The opportunity of citizen science programs is really interesting here. Equipped with the monitoring infrastructure and analytics platform, the local community could be mapping and tracking illegal logging activities or attempts to not only ensure the activity is stopped but to identify and bring to justice the people and/greater network that is involved. I’m curious what other sound data could be picked up and logged by this program. I agree that working together with local universities and researchers would put additional man and brain power behind this effort to add to its impact.

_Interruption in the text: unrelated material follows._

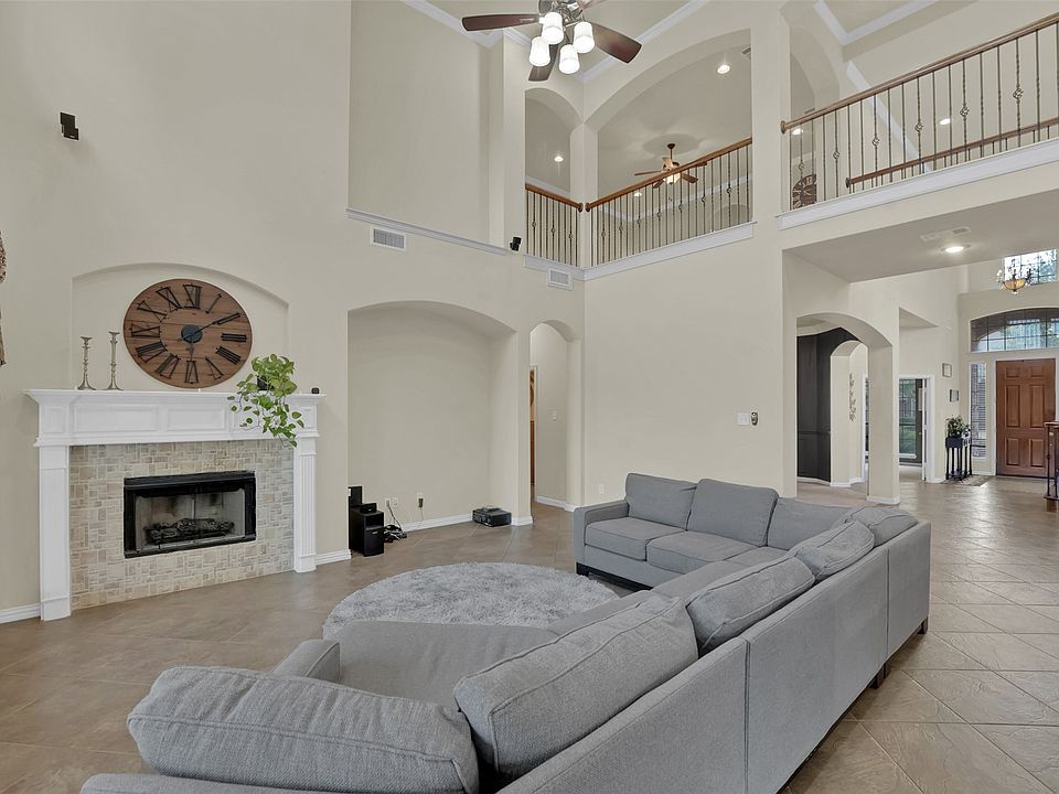 Welcome to this beautifully maintained 5-bedroom, 3.5-bathroom home with a thoughtfully designed layout, soaring ceilings, and elegant finishes throughout. This home features major upgrades, including 2 new tankless water heaters (2023), 3 new HVAC systems (2023), new cooktop, range hood, and dishwasher (2023), plus fully renovated primary and upstairs bathrooms (2023). All of this, paired with fantastic curb appeal, professional landscaping, and a spacious 3-car garage, make this property truly move-in ready. Step into the grand entryway that opens to the first living area and a sweeping staircase with wrought-iron balusters. To the right is a private office with French doors, perfect for working from home. Across the entry is a formal dining room with designer touches and a modern chandelier—ideal for entertaining. Continue into the heart of the home, where the main living room offers a dramatic two-story ceiling, a wall of windows, and a cozy fireplace. The open-concept kitchen is a chef’s delight, featuring granite countertops, a center island, and stainless steel appliances, all overlooking the sunny breakfast nook. The primary suite is privately located downstairs, showcasing a luxurious, fully updated spa-like bath with dual vanities, soaking tub, frameless glass shower, and a large walk-in closet. A guest suite is also conveniently located on the main level. Upstairs, you'll find two additional bedrooms with a Jack & Jill bathroom and a versatile family loft—perfect for a game room, media space, or teen lounge. Enjoy quiet evenings on the covered patio overlooking the landscaped backyard. Community amenities include pools, playground, park, jogging & bike trail, walking distance to the elementary school, minutes away from shopping, dining, & entertainments, a truly wonderful property which you can call home.
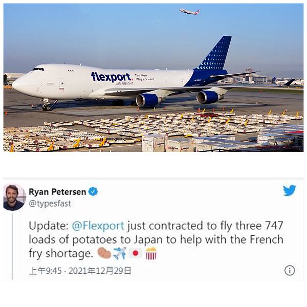 日本麥當勞則是去年12月中旬,出現薯條荒,因加拿大溫哥華港附近大水肆虐、阻礙交通,加上塞港影響,使得供應延遲,限定只供應小份的薯條,最後緊急簽約Flexport派三架波音747飛機(如圖2、3),以及與供應商、進口商合作,來解決薯條原料不足的問題。

This is such an interesting concept that I wasn’t aware of before. I’m curious as to the methods employed before acoustic monitoring and why they were so ineffective. For example, I thought perhaps satellite imaging could have been an option, but I’m assuming that there is a time lag concern there – by the time deforestation is noticed on a satellite image, it’s too late. I think it’s interesting to think about how Rainforest Connection, as a non-profit, literally can’t afford human capital. Many for-profit companies find it cheaper to invest in growing their human workforce BEFORE transitioning to machines/software – Rainforest Connection doesn’t appear to have this “luxury” which I think could ultimately be a win for them in the sense that they don’t have to deal with the difficult conversation around human capital redistribution and the ethics around this “future of work”.